Alan Parsons

Let’s turn our attention now to Twitter, the overlooked internet lunch-tracking service, and the news that the Library of Congress will archive every post on Twitter. This might unnerve people who’ve spent their free time typing things like “WHY DIDNT SOMEONE TELL ME GILMORE GIRLS WAS ON,” but those of us who pay a bit more attention to posterity are comforted to know that our witty takes on the events of the day will be available to historians and anthropologists. We’ll look so much smarter in the future!

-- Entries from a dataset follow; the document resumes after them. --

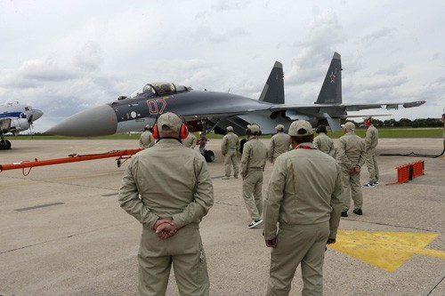 JET SETTERS: Engineers check a Russian Sukhoi SU-35 fighter jet at Le Bourget Airport, near Paris on June 20, during the 50th International Paris Air Show (XINHUA/REUTERS)
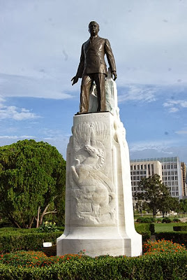 bronze version of the King Fish, gazing upon his building.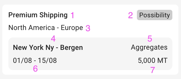 By hovering over a cargo card or on a port call row, a tooltip can be viewed. Fields in the tooltip that contain no data are hidden: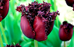 Этот бахромчатый вид притягивает своим роскошным бутоном, который может достигать в диаметре 14 см. Цветок имеет благородный темно-бордовый оттенок с черноватым отливом. По краям лепестков у тюльпана имеется шикарная игольчатая бахрома. Высота стебля – 50 см. Цветение проходит в мае. Сильным толстым стеблям «Лабрадора» не страшен сильный ветер и непогода. Отлично стоит в срезке и на клумбе.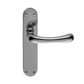 The Luca is a polished chrome finish modern lever on a smooth backplate that has two visible screw fixings at each end of the plate Available in Lock, Latch, Bathroom, and Euro Profile Lock Style...

The timing of this announcement couldn’t be more perfect for me, as I just posted by 500th tweet last week. And while I’m not quite batting 1.000 in Tweet-citement, I’ve had a lot more hits than misses. As such, I present to you 25 of my finest Twitter moments. Remember, this isn’t just gibberish, it’s the historical record.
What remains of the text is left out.